- Some holders of lab tester's loans said to want higher payout
- Current equity owners would cede control, pay U.S. settlement
Millennium Health LLC is struggling to wrangle enough support for a debt restructuring plan that would allow it to settle a federal billing probe by a deadline this week, according to two people with knowledge of the matter.
Some lenders that bought the biggest U.S. drug-testing lab’s $1.8 billion loan at or near face value are demanding a bigger payout from shareholders, which include private-equity firm TA Associates, said the people, who asked not to be named because the discussions are private. They want to extract more while other lenders who purchased the debt at deeply discounted levels are willing to accept less, the people said.
Millennium is negotiating the terms for a bankruptcy filing at the same time that it’s finalizing a $275 million settlement of a federal investigation into its billing practices, people with knowledge of the talks said last week. The U.S. Department of Justice has said it must have a plan to pay the sum by the end of this week, the people said.
One option being explored is for the settlement to be funded by the current equity holders, who would hand control of the company to the lenders as part of the restructuring plan, the people with knowledge of the talks said. In exchange, lenders would have to agree not to pursue potential legal claims against the owners that the federal probe wasn’t disclosed directly to investors while it was marketing the loan last year, the people said. Those owners include founder James Slattery and TA Associates.
Nicole Beckstrand, a spokeswoman for Millennium, said in an e-mailed statement that the company doesn’t “comment on rumors or speculation.” Marcia O’Carroll, a spokeswoman for TA Associates, and Nicole Navas, a Justice Department spokeswoman, declined to comment. Beckstrand declined to make Slattery available for comment.
The provider of urine-testing services to monitor prescription drug use and potential abuse has come under fire for not being upfront about impacts its business would face as a result of the investigation. Millennium has said it disclosed the probe to “pertinent parties” and that it was also cited in media reports and legal filings. JPMorgan Chase & Co., the agent on the loan, wasn’t required by law to disclose the probe to potential lenders because Millennium told the bank it wasn’t material at the time, a person with direct knowledge of the matter said in July.
Some lenders who bought the loan at or around par believe they could receive a higher payout from shareholders if the creditors pursued their contention that Millennium should have disclosed the federal probe when it sold the debt, the two people with knowledge of the talks said.
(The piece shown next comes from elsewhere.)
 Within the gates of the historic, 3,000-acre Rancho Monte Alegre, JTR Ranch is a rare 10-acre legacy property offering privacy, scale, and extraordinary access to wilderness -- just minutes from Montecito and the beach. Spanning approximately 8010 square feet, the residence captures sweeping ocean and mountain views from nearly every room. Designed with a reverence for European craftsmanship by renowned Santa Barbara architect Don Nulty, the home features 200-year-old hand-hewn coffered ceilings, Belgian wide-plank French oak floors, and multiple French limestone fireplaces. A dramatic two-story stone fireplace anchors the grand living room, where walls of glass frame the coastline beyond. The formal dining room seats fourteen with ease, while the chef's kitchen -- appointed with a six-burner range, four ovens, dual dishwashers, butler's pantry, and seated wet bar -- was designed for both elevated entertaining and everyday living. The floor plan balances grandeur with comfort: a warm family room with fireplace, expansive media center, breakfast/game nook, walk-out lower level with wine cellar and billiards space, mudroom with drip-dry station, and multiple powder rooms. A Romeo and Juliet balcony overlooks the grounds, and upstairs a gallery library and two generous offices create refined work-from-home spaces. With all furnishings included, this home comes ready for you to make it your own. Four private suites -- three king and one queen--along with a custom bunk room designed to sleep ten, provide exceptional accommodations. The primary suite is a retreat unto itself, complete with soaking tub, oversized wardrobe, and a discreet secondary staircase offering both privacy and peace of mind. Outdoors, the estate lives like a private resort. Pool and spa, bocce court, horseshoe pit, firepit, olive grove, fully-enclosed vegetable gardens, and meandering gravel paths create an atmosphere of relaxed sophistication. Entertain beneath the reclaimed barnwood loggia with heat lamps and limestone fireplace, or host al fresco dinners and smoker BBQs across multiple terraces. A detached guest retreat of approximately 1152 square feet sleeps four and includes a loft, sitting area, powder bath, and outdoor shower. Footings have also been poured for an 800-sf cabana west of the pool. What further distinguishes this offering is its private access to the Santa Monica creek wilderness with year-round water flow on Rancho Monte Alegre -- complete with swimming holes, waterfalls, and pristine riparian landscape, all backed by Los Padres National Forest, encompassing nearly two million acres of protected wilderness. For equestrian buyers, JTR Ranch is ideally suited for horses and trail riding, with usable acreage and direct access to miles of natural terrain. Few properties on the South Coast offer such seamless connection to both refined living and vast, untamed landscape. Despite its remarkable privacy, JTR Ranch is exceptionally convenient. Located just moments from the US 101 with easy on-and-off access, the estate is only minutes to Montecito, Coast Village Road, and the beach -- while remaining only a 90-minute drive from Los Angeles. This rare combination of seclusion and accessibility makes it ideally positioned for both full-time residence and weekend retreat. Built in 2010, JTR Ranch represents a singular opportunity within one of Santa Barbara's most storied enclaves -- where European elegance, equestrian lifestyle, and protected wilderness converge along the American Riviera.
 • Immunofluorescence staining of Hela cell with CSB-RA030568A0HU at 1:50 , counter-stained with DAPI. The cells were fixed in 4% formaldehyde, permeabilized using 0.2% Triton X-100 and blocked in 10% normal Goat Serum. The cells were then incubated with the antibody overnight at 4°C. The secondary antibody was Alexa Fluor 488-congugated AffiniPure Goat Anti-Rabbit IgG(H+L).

Most of the loan was used to fund a $1.27 billion dividend to Millennium’s management team and TA Associates.
Another option for funding the settlement that had been discussed earlier was for Millennium’s creditors to provide the company with at least some of the required $275 million as part of a bankruptcy proposal, the people said.
The lenders are advised by law firm Brown Rudnick LLP and FTI Consulting Inc. Marcia Brier, a spokeswoman for Brown Rudnick at MCB Communications, didn’t respond to messages seeking comment. Nicole Madison, a spokeswoman for FTI, didn’t provide comment.
Lenders earlier this month installed Wilmington Savings Fund Society FSB as their new administrative agent after JPMorgan relinquished the position, people with knowledge of the matter said last week. JPMorgan arranged the loan in April 2014.
Traders pushed down bids for the loan by almost 2.9 cents to 30.38 cents on the dollar Wednesday from around 33.25 cents Sept. 29, according to pricing quotes from Markit Ltd. The loan had been quoted with a bid of 48.8 cents on Aug. 28, according to Markit data.